In-place algorithms are ones that do not use an extra data structure to hold temporary data. The changes happen in the actual data structure itself. A good though example is swapping the values (integers) of two variables without using a third one.

• a = 10, b = 20
• a = a + b :. 10 + 20 = 30
• b = a – b :. 30 – 20 = 10
• a = a – b :. 30 – 10 = 20

Sorting algorithms can be classified in several ways. First off is computational complexity. This is based on worst, average, and best cases. It is divided into the amount of time it takes to run an algorithm and the amount of space that process takes up in active memory.

Sort algorithms may be classified based on their general method of sorting: insertion, exchange, selection, merging, etc. Bubble and quicksort would be types of exchanges algorithms. Heapshot would be a selection algorithm. Algorithms may be recursive, non-recursive, or have properties of both.

They may also be classified based on their adaptability. If an algorithm takes into account the presorted order of the input it is considered adaptive. Algorithms that do not take into account the order of input are not adaptive. Finally almost all sorting algorithms are serial but they could be parallel.

#### Stability in Sorting

An algorithm is stable if items of the same sort value in the input are in the same order in the output. Data being sorted can be represented as a tuple of values. The part of the datum used for sorting is the key. The other part of the datum is irrelevant when it comes to sorting.

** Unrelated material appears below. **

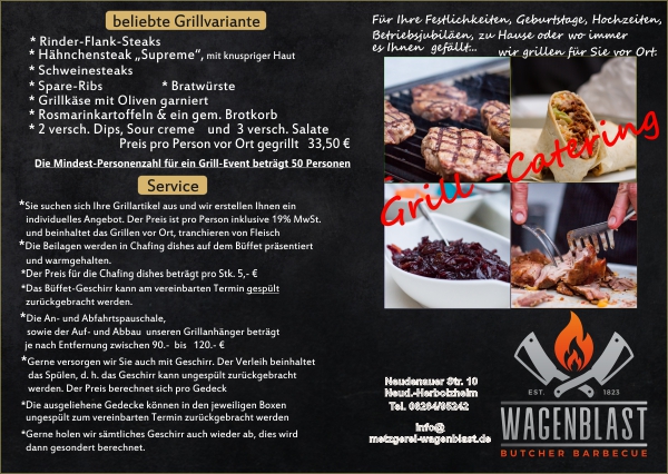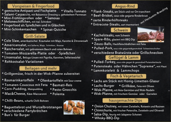 Am schönsten sind doch die Feste draußen an einem schönen Frühlings- oder Sommerabend. Lassen Sie sich bei Ihrem Familienfest oder bei Vereins- oder Firmenfeiern von unseren Grillprofis mit einer großen Auswahl ausgesuchter Spezialitäten vom Grill verwöhnen. Frisch und heiß auf den Teller!
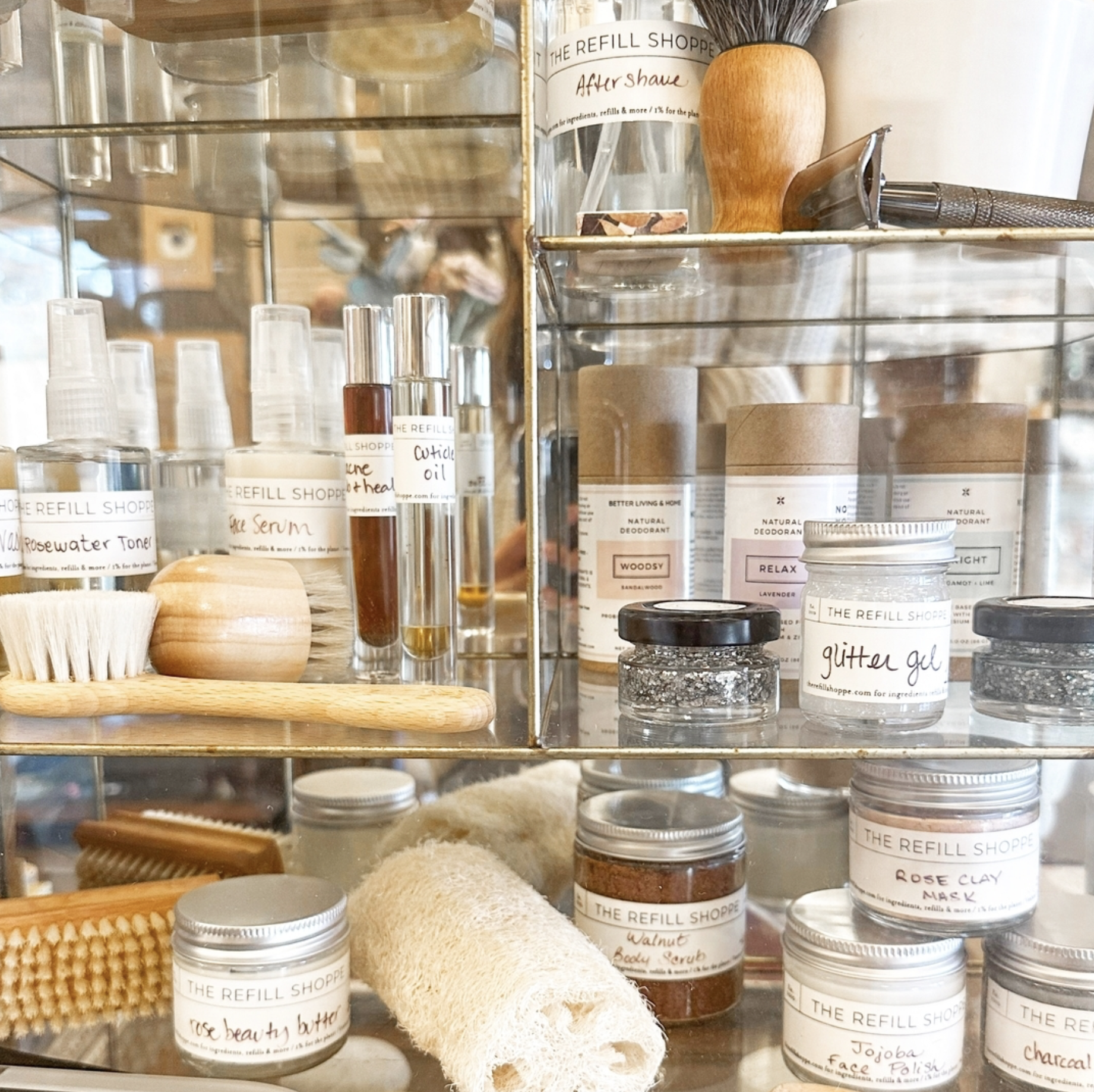 The Refill Shoppe in Ventura California is a gorgeous storefront selling natural products in refillable containers. The project included an updated logo, and a single, flexible label for all their jars, bottles, and tubes. With a dramatic range of packaging sizes, the challenge was to create a label that worked on the smallest label in the shop, that allowed room to write in the product description and scent. I created a flexible and clean solution, and I’m deeply impressed with how the Refill Shoppe has taken this work and created a coherent brand experience that serves their earth and health conscious customers. All photos are from the Refill Shoppe, if you’re in Ventura, give them a visit.

When sorting a set of data only part of the data is used for the sort key. Stability is not a concern if all parts of the datum are used for the key. It is also not a concern if each of the datum used for sorting in the set is unique. If the part of the datum which you are using as key has no repeated values then stability is not an issue.

It can be formally defined:

Let A be an array, and let &lt be a strict weak ordering on the elements of A. A sorting algorithm is stable if i &lt j and A[i] is the equivalent of A[j] implies pi(i) &lt pi(j) where pi is the sorting permutation (sorting moves A[i] to position pi(i)).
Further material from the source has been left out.